Postby dsteve54 » Thu Oct 04, 2007 10:52 pm

My parents were both born in Kansas City, Missouri...father in 1927, mother in 1931. They moved to a suburb of Kansas City on the Kansas side circa 1953. They have lived in some suburb of Kansas City on the Ks side since then.

This is the way my parents recite the days of the week (note: NOT IPA :D ...simply a reasonable American English phonetic set)

Monday - /Mu'n-dee/
Tuesday - /T'ews-dee/
Wednesday -/W'ins-dee/
Thursday -/Th'urs-dee/
Friday - /Fr'y-dee/
Saturday -/S'air-dee/
Sunday - /S'un-dee/

My father answers the phone by saying "hello" as follows:
"mmmmmmmmmmmmm..yell'ow" . Nobody else except him and his father say this, as far as I know.

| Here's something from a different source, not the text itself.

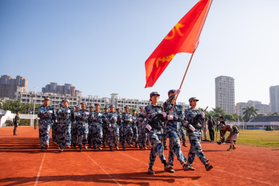 軍訓總結表彰大會進行了現場直播,約有1.2萬名觀眾同步收看。本次軍訓為期三周,安排了隊列訓練、內務整理、擒拿格斗、綜合演練、軍體拳、匕首操、新生思想政治教育課、優秀學生事跡宣講、越野拉練、素質拓展、露天觀影、應急演練、安全教育等一系列活動。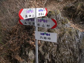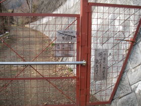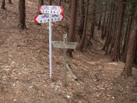 | 鳥沢駅から国道20号を八王子方面に進み、この道標に従って曲がるとすぐにJR中央線のガードをくぐる。その後、道標に従って進むと林道のゲートに着いた。ゲートは車専用ではなく、鹿柵のように山の動物にも備えたもののようだ。 |

When my father says "yeah", it is indeed one syllable, but there is a trailing "l" on the end or even embeded...hard to represent...almost sounds like "yealh" or close to "yeeal".

Unfortunately, I find myself saying this odd "yealh" even though I can't seem to transcribe it into print very well. Sometimes it is fine for the receiver, but sometimes I simply get a fish-eyed look...maybe even recipients might be hearing that I say "yowl" or something. (I live in Colorado Front Range currently).

My mother says she has to "warsh" the clothes, but I say it as /wahsh/.

As far as the above, I sometimes catch myself saying /M'un-dee/ and /T'ews-dee/ as above, but the rest of the days of the week sound civilized.

I say "reckon" alot.....hmmm, maybe that qualifies me as British :D ...I think that may be a Midland feature. None of us is ever "fixin' " to do anything, which is fortunate.

I definitely say "kinda" and "sorta", which almost sounds Minnesotan. But I do not straddle the fence and make non-commital type statements otherwise in my conversation.

Probably the 'yealh' thing is the worst for me and sometimes instead of "Well, it's time to wrap it up", I will say "Whelp, it's time to wrap it up", which sounds like I am talking to some litter of animals.

I took the dialect test on this site and I scored (without ambiguity in the questions except for Mary, merry..etc all sounding the same). It came out nearly all the bar on South was populated, followed by about a three quarter bar filled for Philadelphia, a two thirds bar filled for the Inland North, half bar for Northeast, one third bar for West, and miniscule for Boston and North Central. I was classified as Midwest.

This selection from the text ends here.